- _Try it_: Only the stretch below from the line holding "Segunda Piel. La" through the line holding "Funda de Cuero" should be restated, word for word and with both ends included; pictures stay out.

- _Material supplied_:
•••••
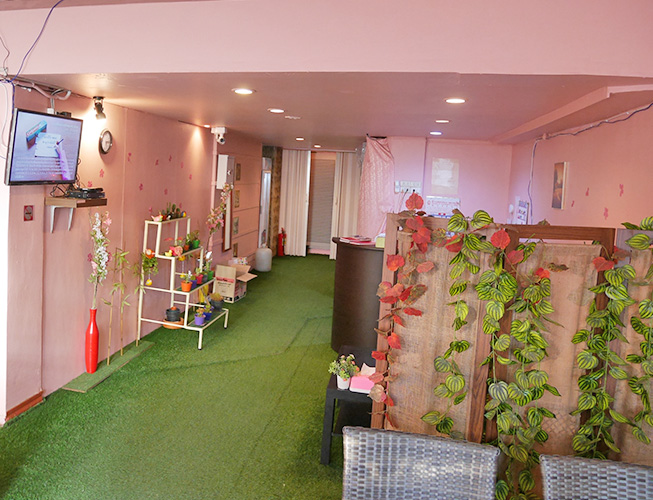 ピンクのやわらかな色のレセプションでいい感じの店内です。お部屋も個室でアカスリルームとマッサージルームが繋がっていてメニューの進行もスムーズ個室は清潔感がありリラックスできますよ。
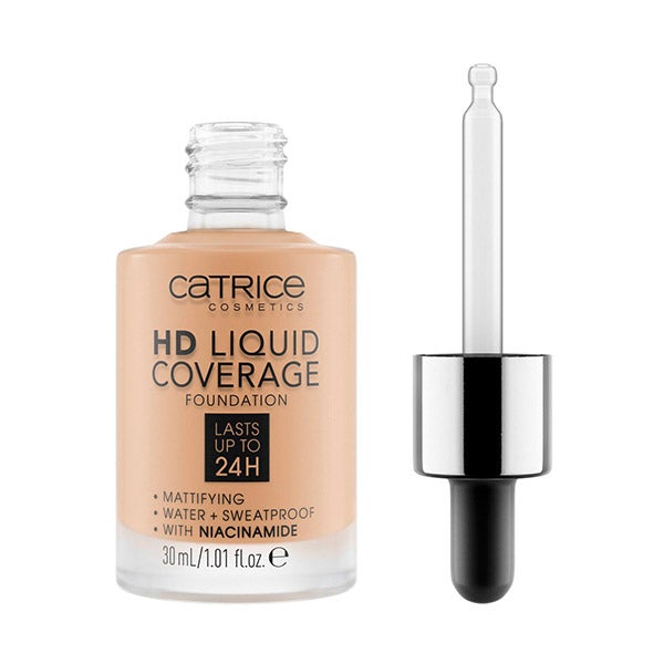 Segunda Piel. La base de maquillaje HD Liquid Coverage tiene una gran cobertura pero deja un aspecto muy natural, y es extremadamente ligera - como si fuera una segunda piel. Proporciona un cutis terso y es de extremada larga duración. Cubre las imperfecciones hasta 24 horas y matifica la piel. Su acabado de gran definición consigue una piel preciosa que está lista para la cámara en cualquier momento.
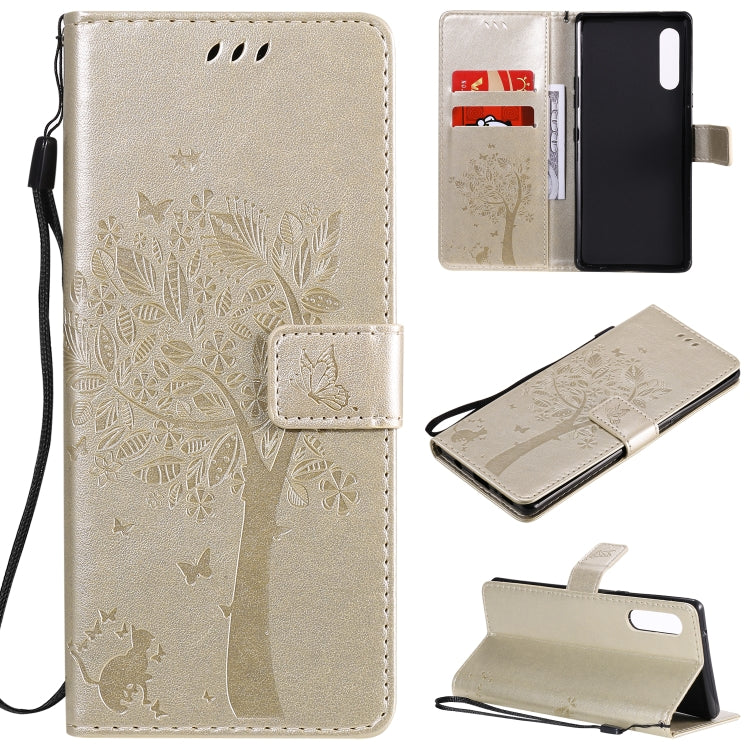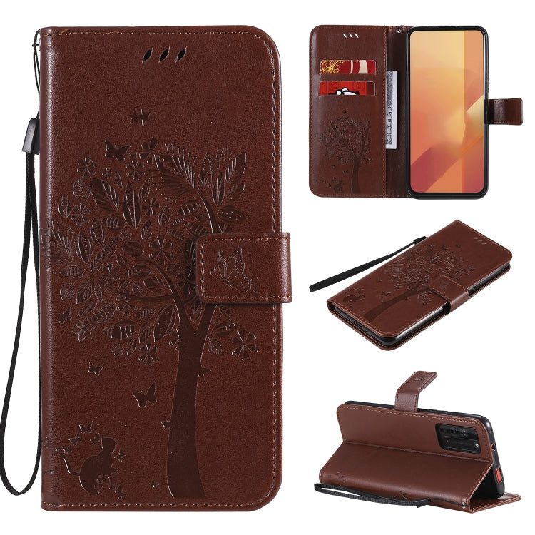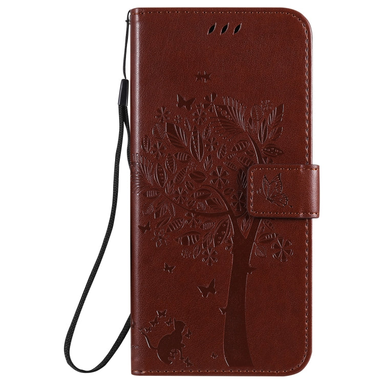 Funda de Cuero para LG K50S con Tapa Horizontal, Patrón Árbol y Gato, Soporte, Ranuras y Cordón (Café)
•••••
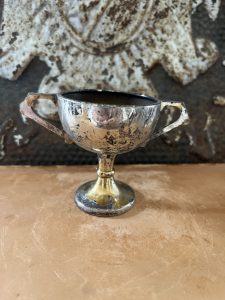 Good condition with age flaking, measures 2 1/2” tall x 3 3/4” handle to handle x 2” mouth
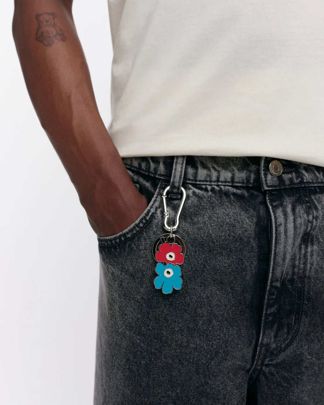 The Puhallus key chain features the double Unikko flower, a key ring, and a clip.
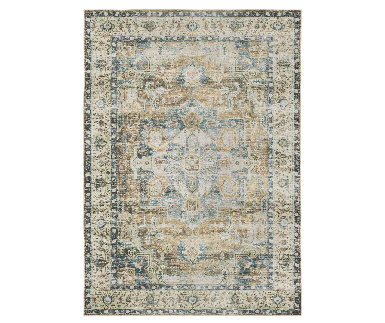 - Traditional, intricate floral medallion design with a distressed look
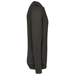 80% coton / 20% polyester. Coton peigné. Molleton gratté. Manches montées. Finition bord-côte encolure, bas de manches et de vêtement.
•••••
- _Worked solution_:
 Segunda Piel. La base de maquillaje HD Liquid Coverage tiene una gran cobertura pero deja un aspecto muy natural, y es extremadamente ligera - como si fuera una segunda piel. Proporciona un cutis terso y es de extremada larga duración. Cubre las imperfecciones hasta 24 horas y matifica la piel. Su acabado de gran definición consigue una piel preciosa que está lista para la cámara en cualquier momento.
 Funda de Cuero para LG K50S con Tapa Horizontal, Patrón Árbol y Gato, Soporte, Ranuras y Cordón (Café)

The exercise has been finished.